*** Opening of Records for the task ***

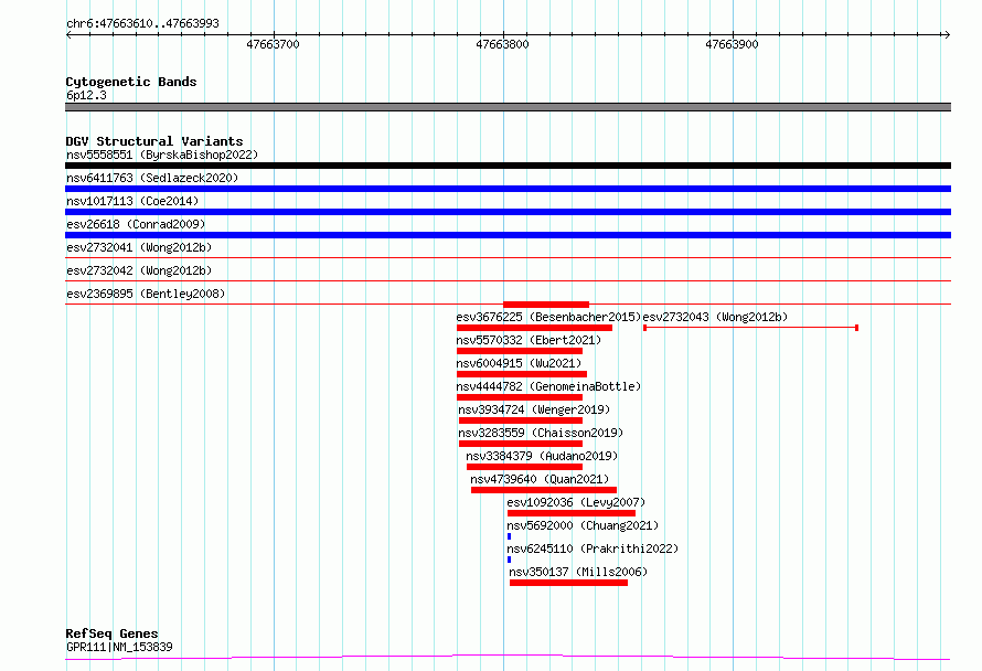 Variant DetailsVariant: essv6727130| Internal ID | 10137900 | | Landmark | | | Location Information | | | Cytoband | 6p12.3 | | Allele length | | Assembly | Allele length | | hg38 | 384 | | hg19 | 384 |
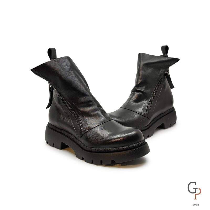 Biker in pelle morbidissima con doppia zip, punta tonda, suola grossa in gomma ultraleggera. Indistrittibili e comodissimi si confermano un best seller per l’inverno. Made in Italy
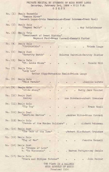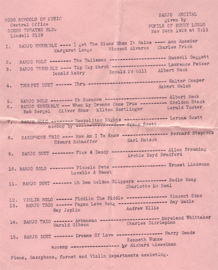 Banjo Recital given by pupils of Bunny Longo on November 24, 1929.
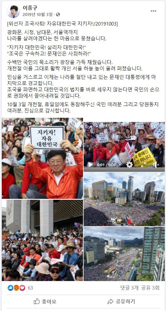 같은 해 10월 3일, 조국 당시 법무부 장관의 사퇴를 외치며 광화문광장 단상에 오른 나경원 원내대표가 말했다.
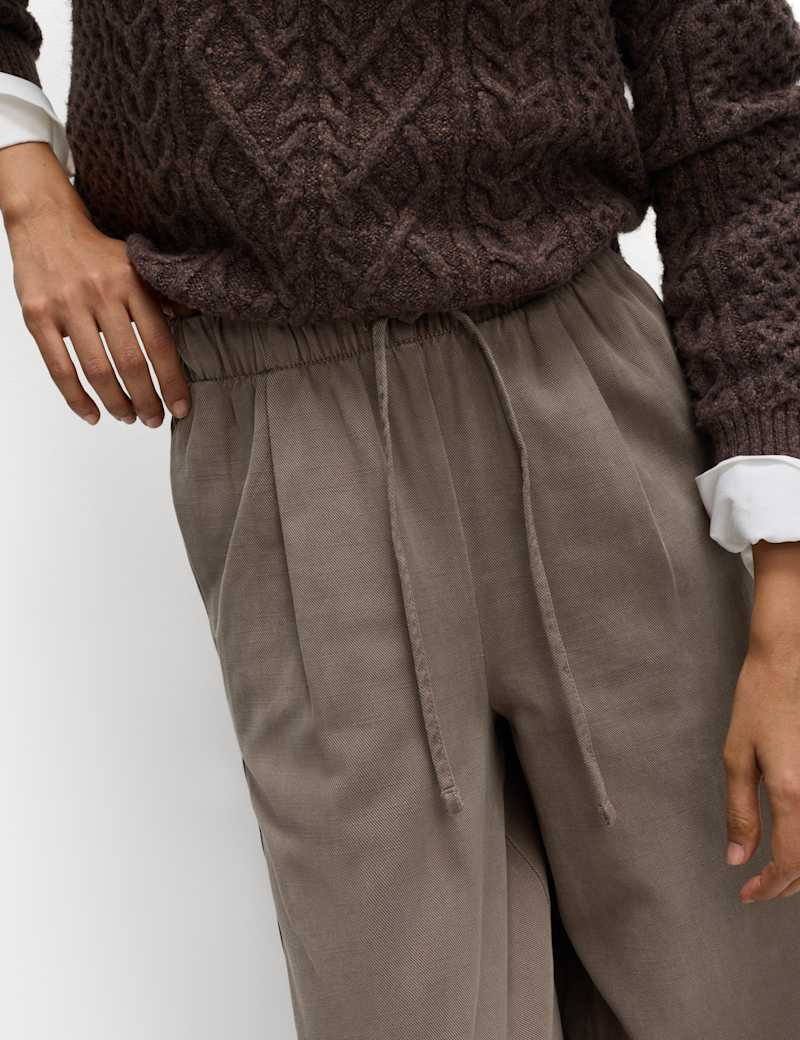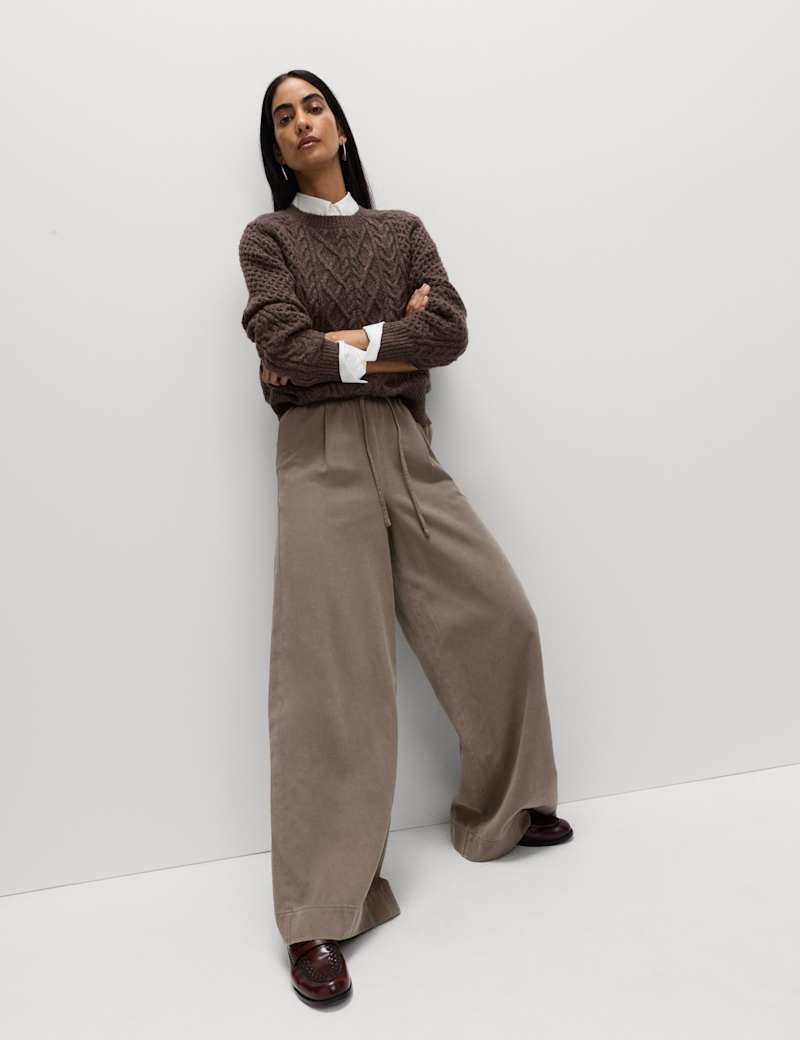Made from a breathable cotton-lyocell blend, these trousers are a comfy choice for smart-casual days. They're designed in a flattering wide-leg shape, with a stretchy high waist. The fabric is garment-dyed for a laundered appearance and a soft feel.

*** Close of Records for the task ***
*** Opening of Records for the task ***

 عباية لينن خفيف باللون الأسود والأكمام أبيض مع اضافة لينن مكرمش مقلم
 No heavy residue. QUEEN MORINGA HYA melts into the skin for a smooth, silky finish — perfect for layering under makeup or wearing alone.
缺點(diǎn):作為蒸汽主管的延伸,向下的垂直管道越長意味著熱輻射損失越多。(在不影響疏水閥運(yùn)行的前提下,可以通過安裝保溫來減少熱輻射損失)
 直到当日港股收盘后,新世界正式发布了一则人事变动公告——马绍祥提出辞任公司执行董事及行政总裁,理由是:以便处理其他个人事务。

*** Close of Records for the task ***
*** Opening of Records for the task ***

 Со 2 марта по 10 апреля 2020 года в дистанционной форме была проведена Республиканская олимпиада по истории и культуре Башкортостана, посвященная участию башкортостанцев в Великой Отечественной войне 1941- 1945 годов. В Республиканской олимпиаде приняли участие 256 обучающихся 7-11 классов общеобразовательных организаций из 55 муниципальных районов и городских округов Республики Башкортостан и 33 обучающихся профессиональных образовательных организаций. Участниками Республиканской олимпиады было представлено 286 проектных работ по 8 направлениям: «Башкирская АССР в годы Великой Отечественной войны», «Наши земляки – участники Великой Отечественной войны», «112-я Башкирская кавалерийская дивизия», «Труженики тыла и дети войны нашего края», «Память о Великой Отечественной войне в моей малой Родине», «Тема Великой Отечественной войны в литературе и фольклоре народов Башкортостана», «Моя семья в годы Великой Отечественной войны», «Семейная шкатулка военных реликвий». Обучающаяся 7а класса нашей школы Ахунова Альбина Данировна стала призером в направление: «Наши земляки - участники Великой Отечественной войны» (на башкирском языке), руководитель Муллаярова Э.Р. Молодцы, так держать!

*** Close of Records for the task ***

• **Problem to work on**
Reproduce the listing above exactly from the line containing "Variant DetailsVariant: essv6727130|" up to and including the line containing "Made from a", omitting any images and everything outside those lines.

• **Solution to the problem**
 Variant DetailsVariant: essv6727130| Internal ID | 10137900 | | Landmark | | | Location Information | | | Cytoband | 6p12.3 | | Allele length | | Assembly | Allele length | | hg38 | 384 | | hg19 | 384 |
 Biker in pelle morbidissima con doppia zip, punta tonda, suola grossa in gomma ultraleggera. Indistrittibili e comodissimi si confermano un best seller per l’inverno. Made in Italy
 Banjo Recital given by pupils of Bunny Longo on November 24, 1929.
 같은 해 10월 3일, 조국 당시 법무부 장관의 사퇴를 외치며 광화문광장 단상에 오른 나경원 원내대표가 말했다.
Made from a breathable cotton-lyocell blend, these trousers are a comfy choice for smart-casual days. They're designed in a flattering wide-leg shape, with a stretchy high waist. The fabric is garment-dyed for a laundered appearance and a soft feel.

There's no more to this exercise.